Re: [RFC] Expose request_module via syscall
From: Andy Lutomirski
Date: Wed Sep 22 2021 - 11:34:49 EST
On Wed, Sep 22, 2021, at 5:25 AM, Christian Brauner wrote:
> On Mon, Sep 20, 2021 at 11:36:47AM -0700, Andy Lutomirski wrote:
>> On Mon, Sep 20, 2021 at 11:16 AM Luis Chamberlain <mcgrof@xxxxxxxxxx> wrote:
>> >
>> > On Mon, Sep 20, 2021 at 04:51:19PM +0200, Thomas Weißschuh wrote:
>>
>> > > > Do you mean it literally invokes /sbin/modprobe? If so, hooking this
>> > > > at /sbin/modprobe and calling out to the container manager seems like
>> > > > a decent solution.
>> > >
>> > > Yes it does. Thanks for the idea, I'll see how this works out.
>> >
>> > Would documentation guiding you in that way have helped? If so
>> > I welcome a patch that does just that.
>>
>> If someone wants to make this classy, we should probably have the
>> container counterpart of a standardized paravirt interface. There
>> should be a way for a container to, in a runtime-agnostic way, issue
>> requests to its manager, and requesting a module by (name, Linux
>> kernel version for which that name makes sense) seems like an
>> excellent use of such an interface.
>
> I always thought of this in two ways we currently do this:
>
> 1. Caller transparent container manager requests.
> This is the seccomp notifier where we transparently handle syscalls
> including intercepting init_module() where we parse out the module to
> be loaded from the syscall args of the container and if it is
> allow-listed load it for the container otherwise continue the syscall
> letting it fail or failing directly through seccomp return value.
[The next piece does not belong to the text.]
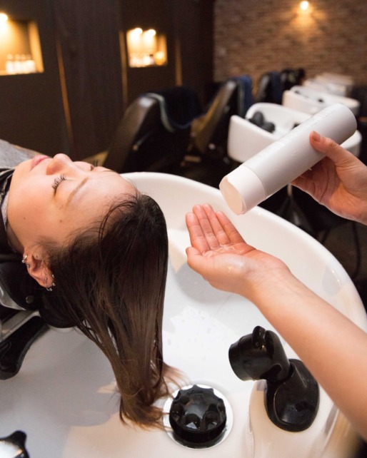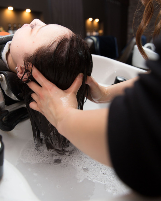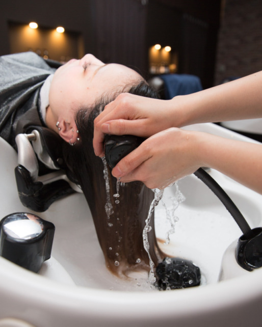 先にWiz式髪質改善エステを行っていくので、専用のシャンプーにて汚れを落とさせていただき、髪質改善に合わせた下準備を行っていきます。 -

Specific problems here include aliases and dependencies. My modules.alias file, for example, has:
alias net-pf-16-proto-16-family-wireguard wireguard
If I do modprobe net-pf-16-proto-16-family-wireguard, modprobe parses some files in /lib/modules/`uname -r` and issues init_module() asking for 'wireguard'. So hooking init_module() is at the wrong layer -- for that to work, the container's /sbin/modprobe needs to already have figured out that the desired module is wireguard and have a .ko for it.
>
> 2. A process in the container explicitly calling out to the container
> manager.
> One example how this happens is systemd-nspawn via dbus messages
> between systemd in the container and systemd outside the container to
> e.g. allocate a new terminal in the container (kinda insecure but
> that's another issue) or other stuff.
>
> So what was your idea: would it be like a device file that could be
> exposed to the container where it writes requestes to the container
> manager? What would be the advantage to just standardizing a socket
> protocol which is what we do for example (it doesn't do module loading
> of course as we handle that differently):
My idea is standardizing *something*. I think it would be nice if, for example, distros could ship a /sbin/modprobe that would do the right thing inside any compliant container runtime as well as when running outside a container.
I suppose container managers could also bind-mount over /sbin/modprobe, but that's more intrusive.